Around 1982 I was employed on Kiawah Island South Carolina and witnessed in the early morning hours crossing the golf course a large black cat approximately 4 to 5 foot long with unusual stride and long tail I have possessed dogs my whole lifetime and I am positively sure this was definitely the stride of a cat my rate interest in the subject aroused me as we are spending the weekend on Kiawah Island and after doing research on the web I am 100% convinced that this was a Carolina panther scene by myself around 6:30 AM as a passenger in the vehicle My visual was clear and concise I can still see that image to this very day nature certainly has its bounties and all shapes and forms


I live in Burlington, NC. We have a black panther captured on our trail cam over the weekend


Last night (morning of 8 Oct 2020) about 1:30 AM my driveway alarm went off. I turned on the light and saw a large, long black cat looking animal with a long thick tail running across the yard. It was too large to be a house cat. I would say it looked more like a panther. This was in Waynesville, NC


I have 3 trail cam shots taken Oct 8, 2020, sometime in the night (had no correct time set on camera) of a large, long golden-brown cat with a very long , thick tail walking across my yard. It was not a bobcat or a coyote. It looked exactly like a Florida panther or cougar! I also live in Waynesville, NC, in Jonathan Creek area.

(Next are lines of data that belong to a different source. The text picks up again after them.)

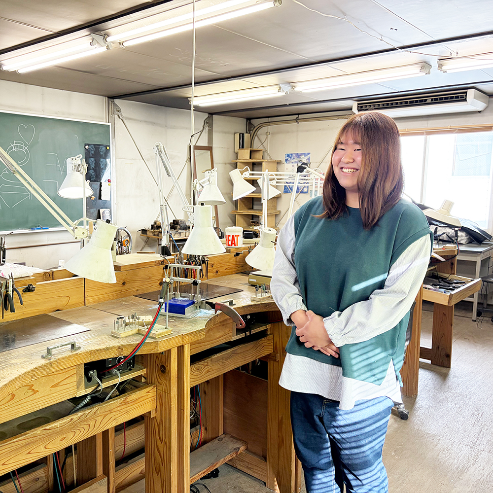 bisenでは木工・金工・ジュエリー・陶芸の4つの分野を1年生のうちに学ぶことができるのが利点。自分が一番魅力を感じるものは何なのか、考えながら知識を得ることができます。実際にものづくりをしている方々と同じ道具や方法で学ぶことができ、取ることのできる資格が多いのも魅力です。また、考えたデザインを形にするためのアドバイスや、作品を通して伝えたいことを明確にする手立てを教えてもらえ、スキルアップに繋がります。使った時に、いろいろな感情がうまれるようなものづくりができる人になりたいと思っています。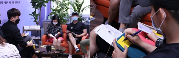 첫 번째 모임에서는 서로에 대한 이해를 높이기 위한 미션 활동이 이뤄졌다. 핵심단어 선택의 이유를 나누며 공동체 이름을 정하고 함께 사진을 찍은 뒤 이를 은어송아카이브(패들렛)에 탑재했다. 또 핵심단어와 관련한 경험을 공유하며 이를 시 형태로 제작한 뒤 학생들에게 공개하는 시간을 가졌다.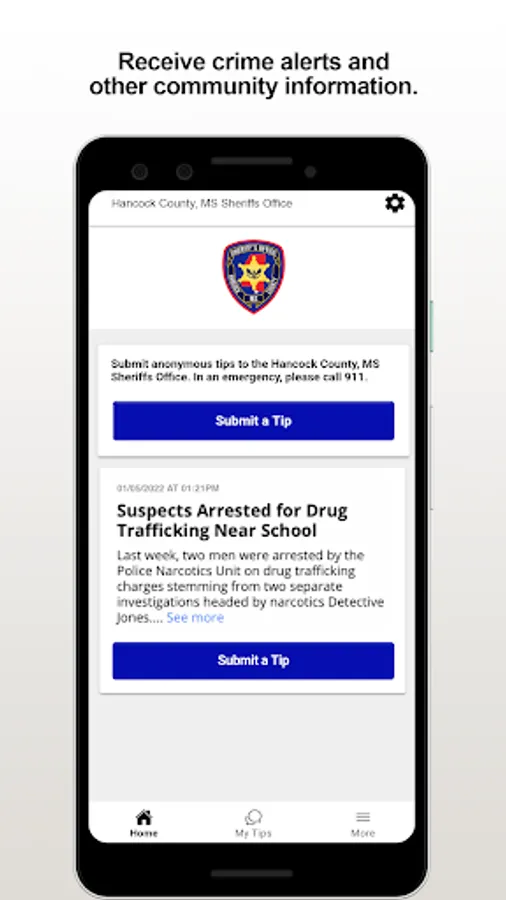 The HCSOMS app provides citizens the ability to submit anonymous tips to the Hancock County, Mississippi Sheriffs Office. The app also displays organization web and social media content.

Sorry for the rather late post...,1992 approx.

Blue Ridge Parkway south from Grandpa Mt.
A large feline/cat ran across the road approx 200’ ahead of me. It was a very dark brown. Guessing 6’-7’ nose to tail.
Currently I live in Northern California and as a landscape photographer for 40 yrs it’s amazing what one can see. This is or one of those experiences that many may not believe. I have serious doubts these regional cats are extinct.
Maybe it was just a mix of a black and light colored cat.